In the data, extract each line that holds the string "thành".
─── DATA RECORDS ───
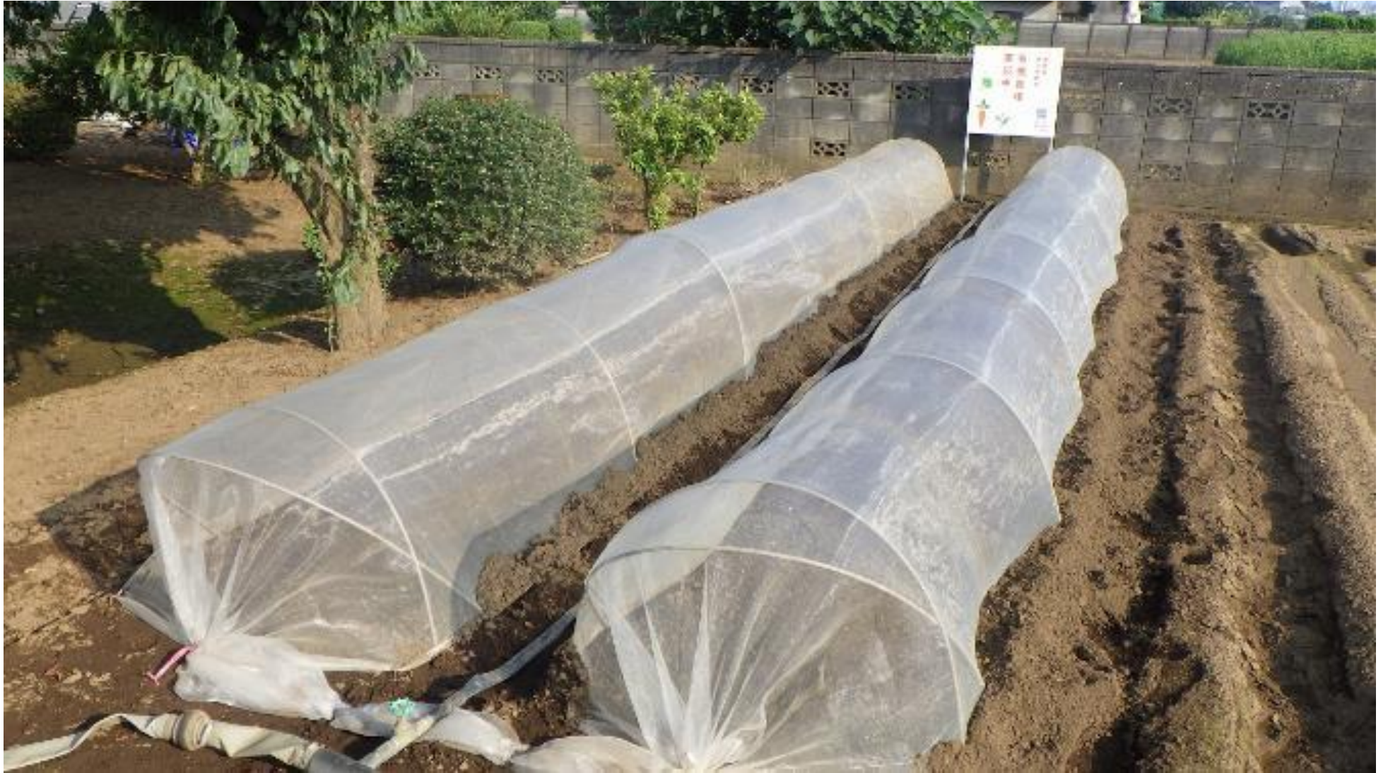
(播種後)防虫ネット設置
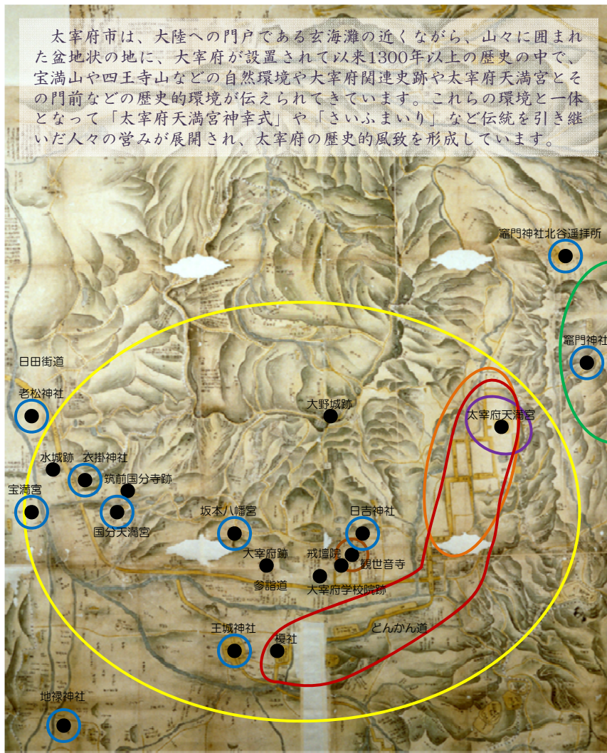
大野城太宰府旧蹟全図北一文化3（1806）年
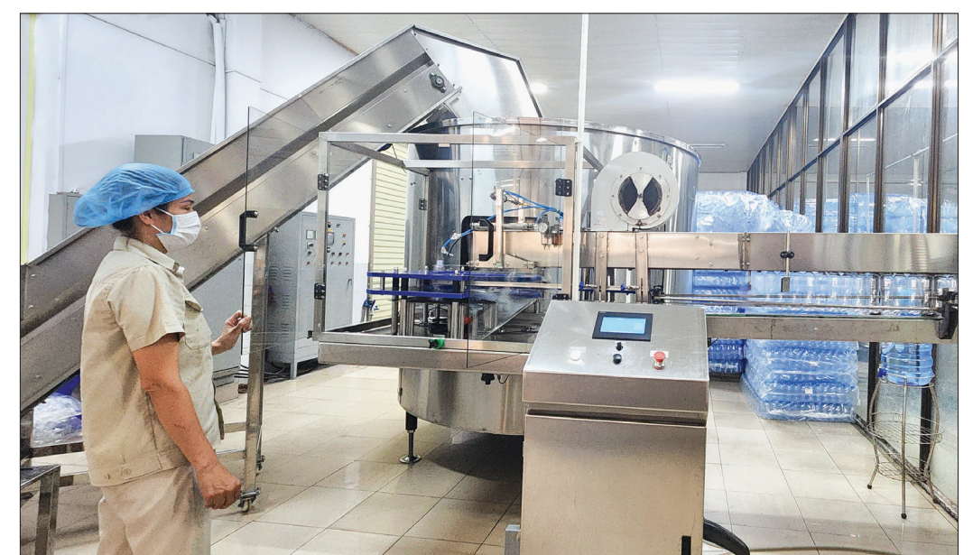
Sáu tháng đầu năm 2024, giá trị sản xuất công nghiệp của thành phố ước đạt 16.158 tỷ đồng. Trong ảnh: Dây chuyền sản xuất của Công ty Cổ phần Dịch vụ đầu khí Thái Bình.

Ông Đinh Gia Dũng, Chủ tịch UBND thành phố cho biết: Để hoàn thành và hoàn thành vượt các mục tiêu, nhiệm vụ phát triển kinh tế - xã hội năm 2024, UBND thành phố sẽ tập trung vào công tác chỉ đạo, điều hành, phát huy tinh thần trách nhiệm của các tập thể và mỗi cá nhân, nhất là cán bộ lãnh đạo, người đứng đầu; tập trung khắc
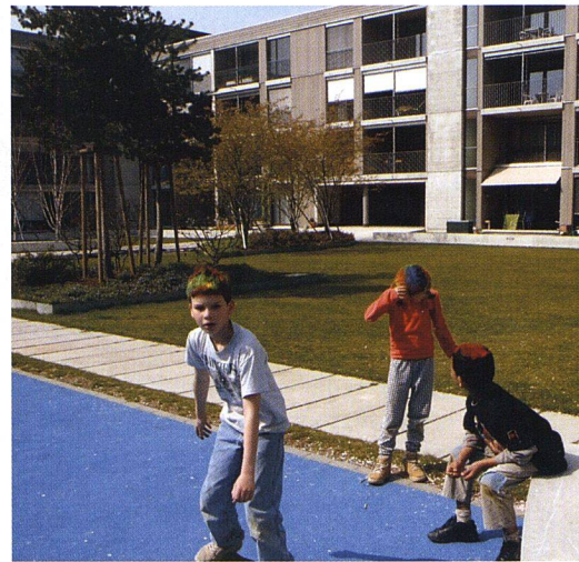
Ein geschützter Innenhof ist ideal fürs Kinderspiel: Die Neubauesiedlung Wohnstadion in Zürich Oerlikon (Gisa) besitzt eine sorgfältig gestaltete Anlage, die neben unterschiedlichen Spielmöglichkeiten auch viele Sitzmöglichkeiten unter dereinst schattenspendenden Bäumen bietet.
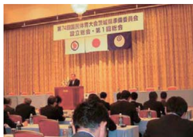
▲7年後の2019年(平成31年)の茨城国体の準備会が発足した。笠間市は相撲とゴルフ競技開催を希望している。私は席上、合気道をデモンストレーションスポーツとして採用するよう申し入れた。(24年5月)
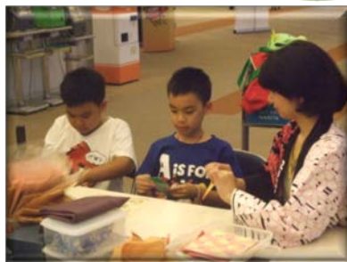
お子様も一生懸命「ぴょんかえる」作りに挑戦
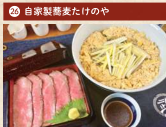
黄ニラ玉子とじの新そばとローストビーフ重セット 1,500円(税別)

住 倉敷市下庄 473-3 [予約不要] 電 086-464-0101 時 11:00~14:30(OS 14:00) 休 水曜 Pあり TI和 1日限定20食
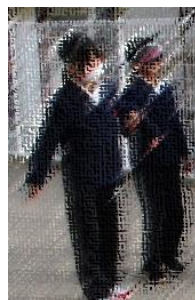
【相手の心に寄り添って】
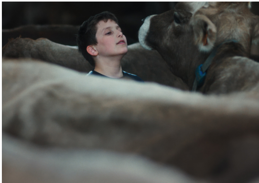
Gabin de Maxence Voiseux
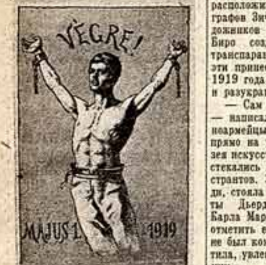
НАКОНЕЦ! Первомайский плакат 1919 года работы Рене Штейнера.

тятся о материальном положении художников, о возможности работы для них. Ста пятидесяти художникам были назначены государственные стипендии.
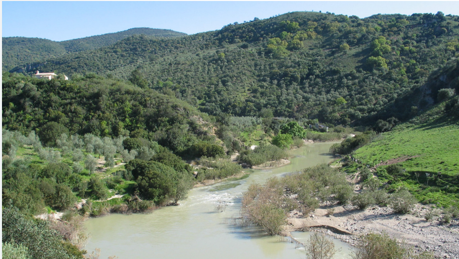
Curso alto del río Guadalete.
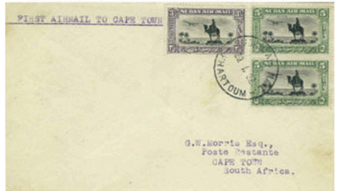
Obr. 10 – Letecká zásilka, dopravená otváracím letem africké linky IA na úseku Chartúm – Kapské Město v lednu 1932.
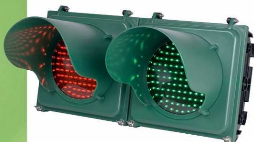
LK-104LM (中型 LED 燈箱)
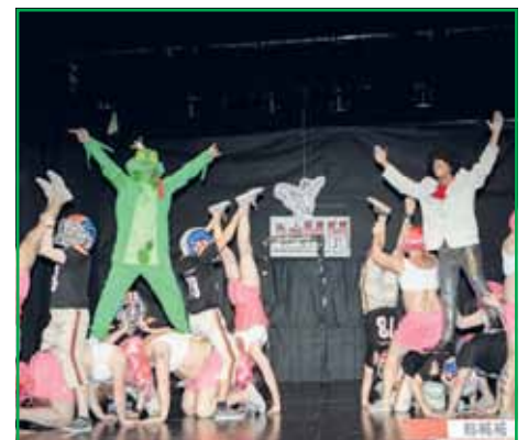
Der Gastgeber : Karnevalsclub Rot- Weiß- Hohenstein- Ernstthal
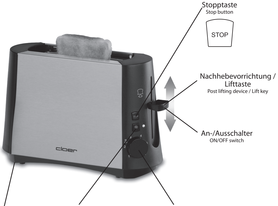
Krümelschublade Crumb tray
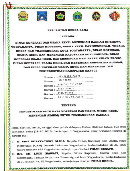
Gambar.3 Perjanjian Kerjasama
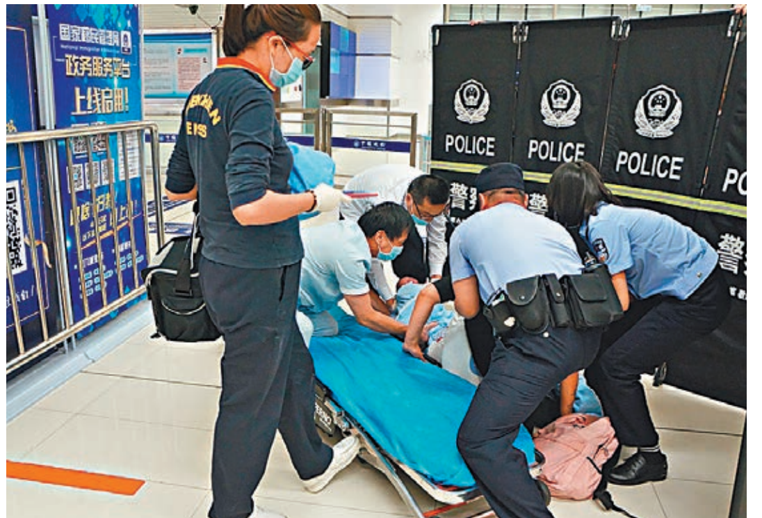
深圳邊檢民警協助120醫護人員幫助BB和港人產婦進行產後處理。

凌晨3時35分,120急救車在皇崗邊檢站警戒隊民警引導下抵達皇崗口岸出境大廳西廣場。醫護人員快速趕至「臨時產房」馬上剪斷BB的臍帶並為產婦進行產後處理,確保母子平安。隨後,執勤民警協助120醫護人員將產婦和嬰兒安全從現場「臨時產房」轉移至120急救車送往醫院作進一步觀察護理。臨走時,產婦眼噙淚花向深圳邊檢民警表示感謝。
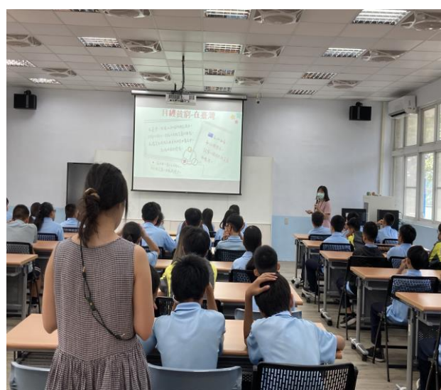
內容說明：月經平權在臺灣困境
───
» **SOLVED PROBLEM**:
Sáu tháng đầu năm 2024, giá trị sản xuất công nghiệp của thành phố ước đạt 16.158 tỷ đồng. Trong ảnh: Dây chuyền sản xuất của Công ty Cổ phần Dịch vụ đầu khí Thái Bình.
Ông Đinh Gia Dũng, Chủ tịch UBND thành phố cho biết: Để hoàn thành và hoàn thành vượt các mục tiêu, nhiệm vụ phát triển kinh tế - xã hội năm 2024, UBND thành phố sẽ tập trung vào công tác chỉ đạo, điều hành, phát huy tinh thần trách nhiệm của các tập thể và mỗi cá nhân, nhất là cán bộ lãnh đạo, người đứng đầu; tập trung khắc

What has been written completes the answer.